Cercano al puerto, se sitúa la Speichersadt, la ciudad de los
almacenes, el mayor depósito de mercancías del planeta, un conjunto de
edificios levantados sobre el agua a lo largo del siglo XIX que acaba de ser
declarado por la UNESCO Patrimonio Monumental de la Humanidad, ahora que los follacabras
del califato sarraceno están volando los restos de la ciudad de Palmira, otro
gran enclave humano erigido por obra y gracia de los beneficios del comercio. Entre
Speicherstadt y Kontorviertel (el barrio administrativo) proliferan las galerías de
arte, los cafés, los bares… y perdido en uno de sus edificios más discretos se
localiza una oficina que controla el comercio de todo el café y el té que se consume
en el mundo, incluido el que usted está saboreando mientras disfruta de la
prosa florida de este suplemento cultural, un comercio que deja unos beneficios
literalmente incalculables, y por eso Hamburgo es la ciudad con más oficinas
consulares comerciales del mundo.
También junto al puerto se sitúa
Sankt Pauli, la zona donde se concentran las putas, los teatros y la música en
directo; un barrio rojo verdaderamente singular cuyo conocimiento recomiendo
encarecidamente a los alumnos de la ESO Bilingüe y la Educación para la
Ciudadanía, para que puedan experimentar en su piel los dilemas políticos y
morales que se asoman a las puertas de los negocios relacionados con los
placeres de la bragueta, cuya seguridad, higiene y buenas prácticas (eso que
los follamelindres de Bruselas llaman la “gobernanza”) vienen garantizados por
una mafia turca que ejerce el poder real en el barrio desde los años sesenta
del pasado siglo, poco más o menos.
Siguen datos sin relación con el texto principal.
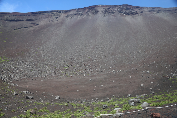 ここはブルドーザー道が無いので、自力で登り返せなくなったら、即遭難だなと考える。そして、第一火口の底から山頂方面を見上げる。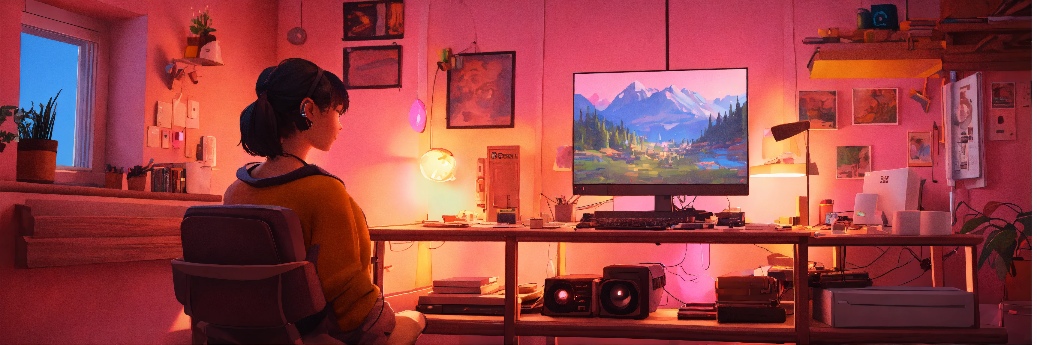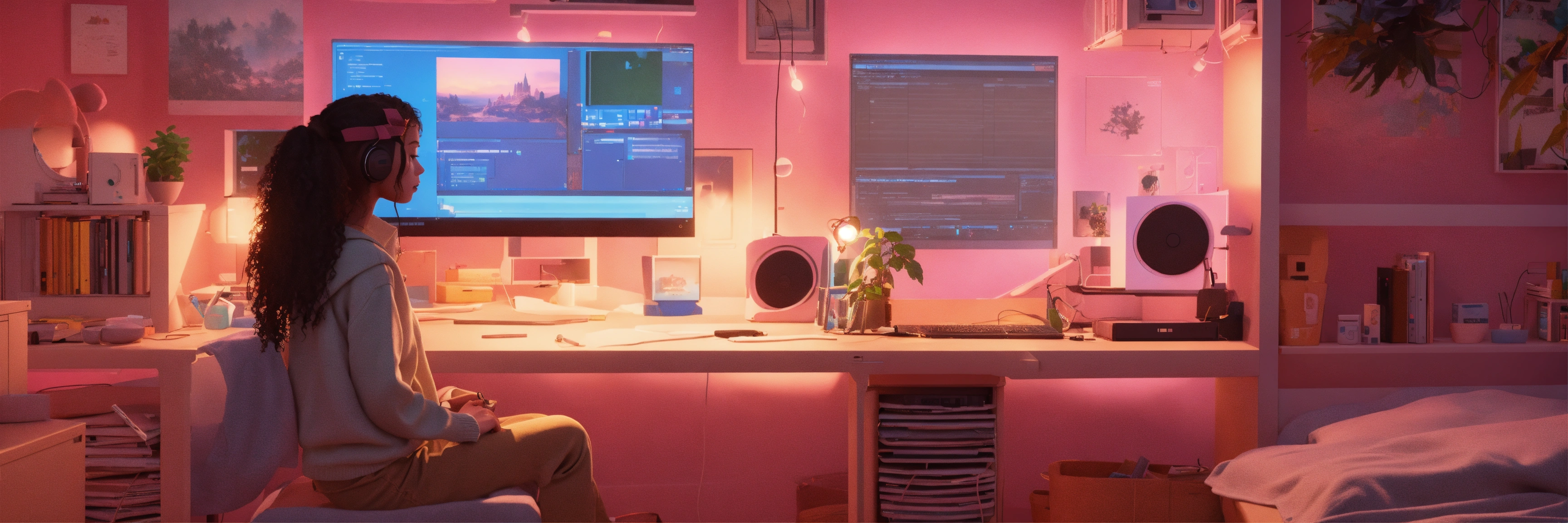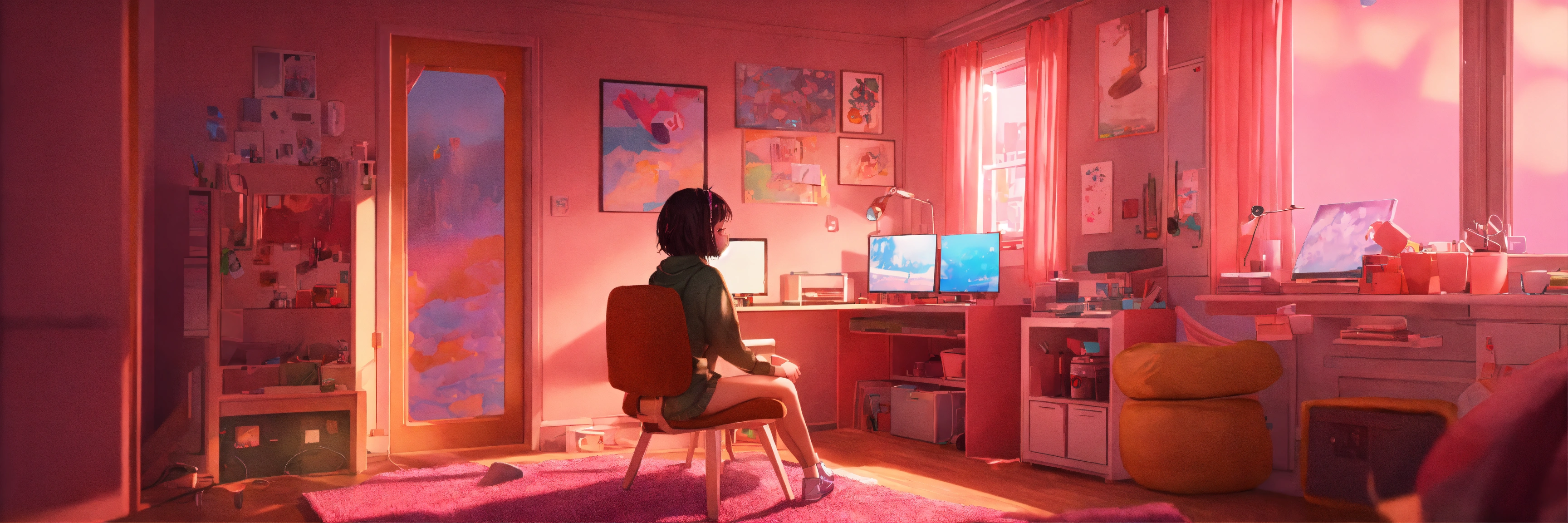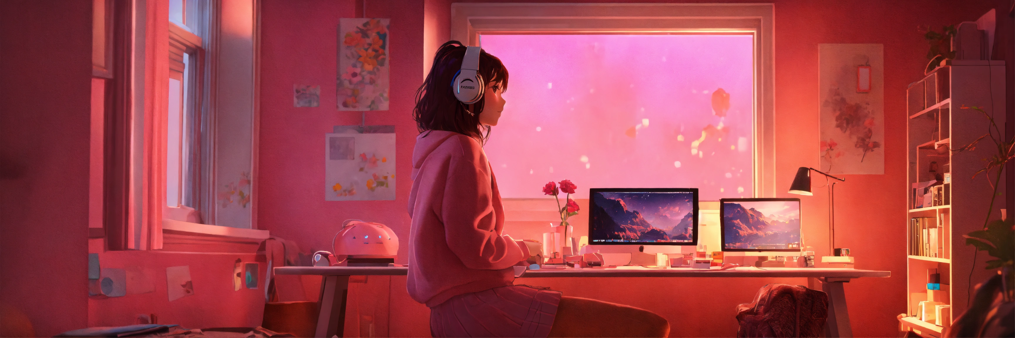 Cute lofi girl in front of his computer in her cozy and messy room, unreal engine 5 render, gorgeous lighting, pastel pink hues, 8k render, award-winning art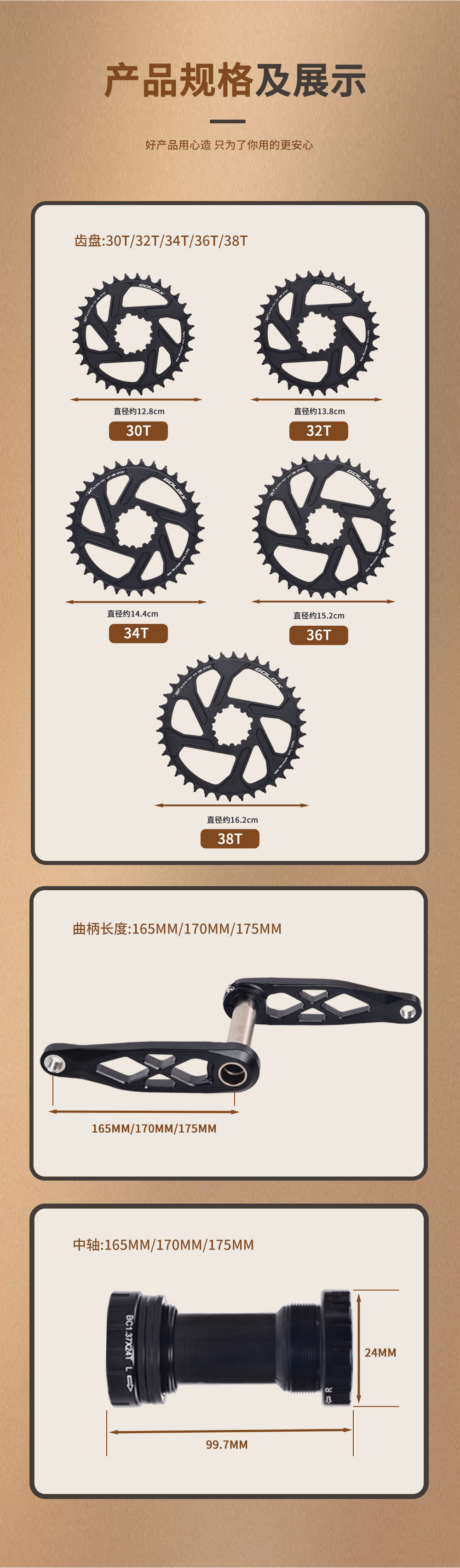 特别说明:安装曲柄需锁紧脚踏,未锁紧会导致滑丝。请一定要到专业的车店或者专业技师安装,避免曲柄滑丝,如因个人操作不当导致滑丝,概不质保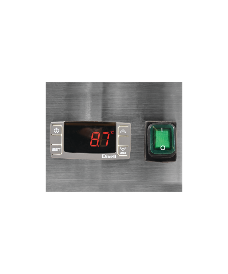 Both the external and internal casing of the counter are made of high-quality SS201 stainless steel, which not only ensures an aesthetic and professional appearance but also exceptional durability and ease of maintaining impeccable cleanliness. The practical, hinged top lid is also made of stainless steel, further enhancing hygiene and user comfort.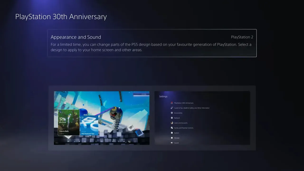 PS5 players will now be greeted with the iconic Sony Computer Entertainment boot screen from the PS1, complete with its equally as legendary sound. Once on the home screen, players can access the settings menu to choose between the PS1, PS2, PS3, PS4, PS5, or 30th Anniversary themes, each with their own set of visuals and sound effects.
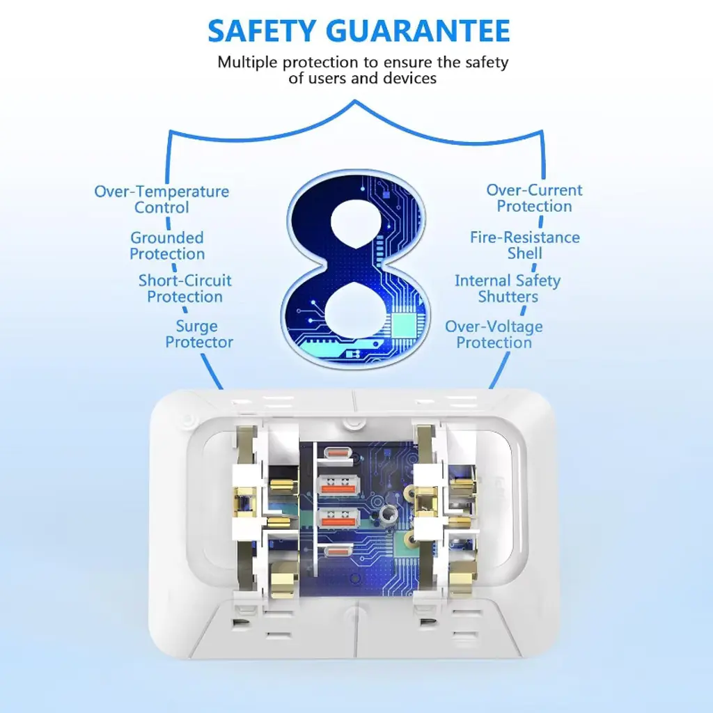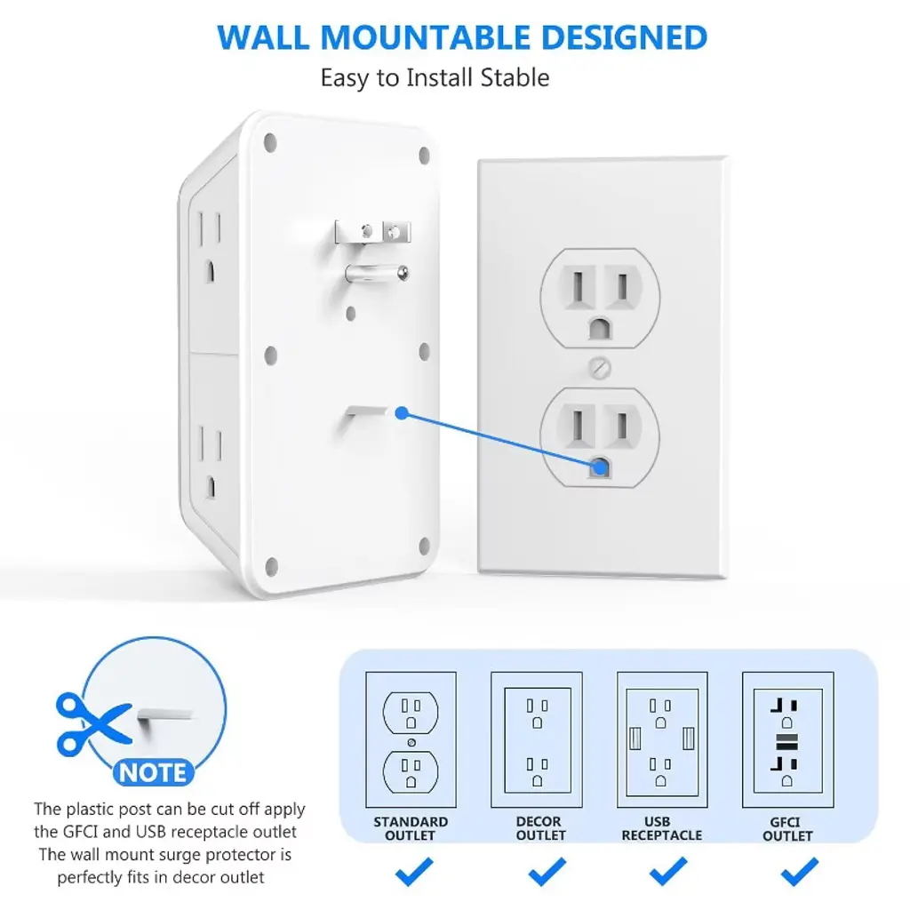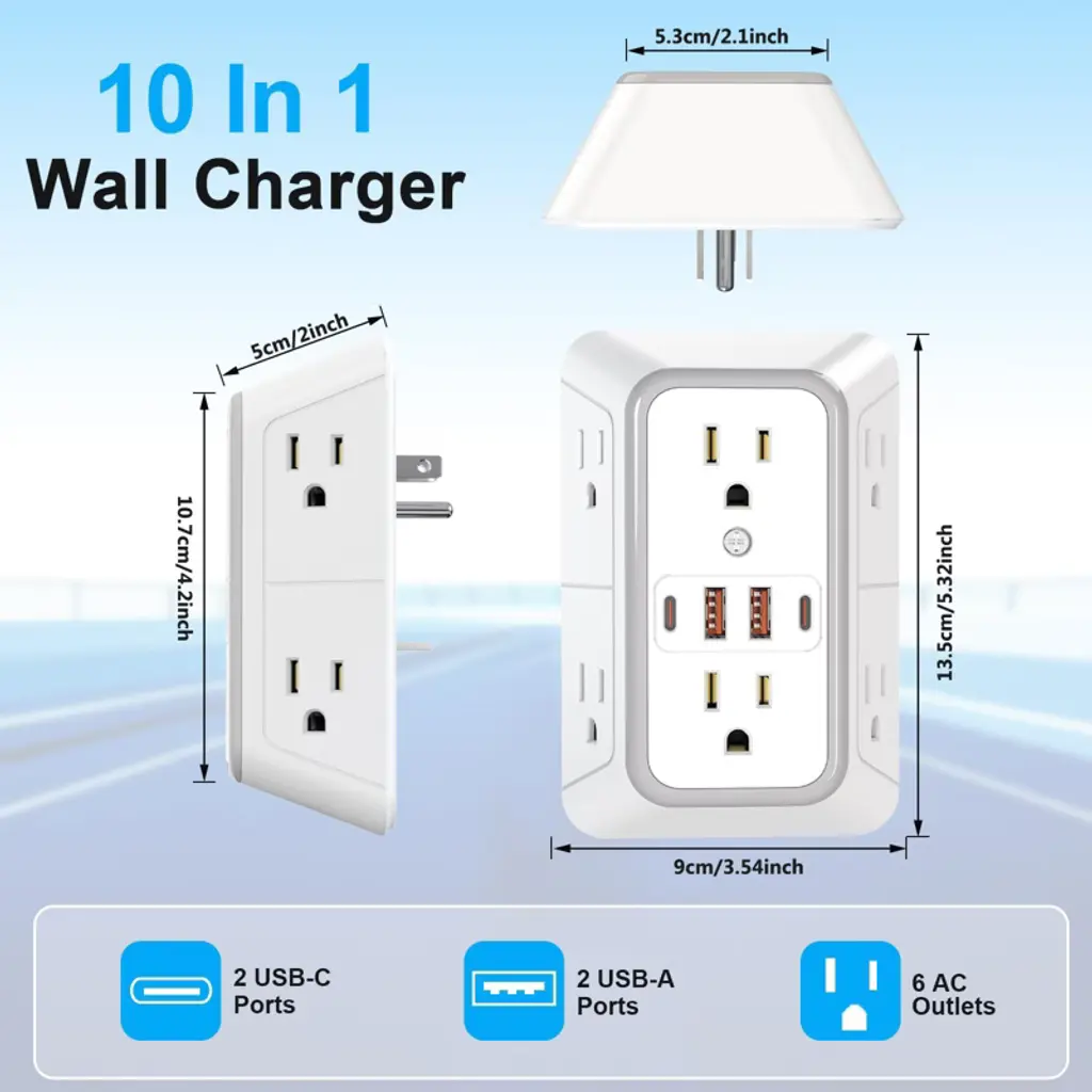 Get this 2 - pack wall charger with a 10 - in - 1 function! It comes with 6 AC outlets, 2 USB - A ports, and 2 USB - C ports. Just plug it into a duplex outlet, and you're good to go. The screw port ensures a tight fit. The USB ports have a 5V/2.4A Max output and use smart technology to detect devices for optimal charging speed. With 1050 Joules of surge protection and made of top - grade UL94 V - 0 flame - retardant material, it keeps your appliances safe. The 2.15 - inch wide spacing between outlets allows for easy use of all plug types. It supports a maximum current of 15A and 1875W of power, solving your socket shortage. Whether you're traveling, in a dorm, at home, or in the office, this charger is a convenient addition to your daily life.

En Sankt Pauli se rueda el cine porno más imaginativo
del mundo, con actores y actrices de los cinco continentes, al llamado de unas
productoras que no les pagan, sino que les cobran por participar en estos rodajes
alocados, sin miedo a que nadie les robe la cartera mientras una viuda de Reus
se les sienta en la cara y una novia de Vladivostok les trajina lo del día de
la boda.
Hamburgo, en fin, es la ciudad más interesante
y viva de Europa, y como tal ha inspirado a narradores, poetas y filósofos. De
todos ellos, mi favorito es el escocés Craig Russell, quien ha dedicado una
serie de novelas a esta ciudad, protagonizadas por el comisario Jan
Fabel, un policía que gasta un cierto aire británico (como lo tiene Hamburgo
entera, que presume de ser el barrio más putero y húmedo de Londres); que come
peor que ningún detective del mundo (pepinillos polacos, queso frío, pan negro,
cerveza helada y café desleído es su menú ideal), y que persigue a los asesinos
de una ciudad que es el perfecto escenario para el género negro, ése que
florece donde la libertad nos permite disfrutar de las historias que recrean nuestros
pecados más guarrindongos.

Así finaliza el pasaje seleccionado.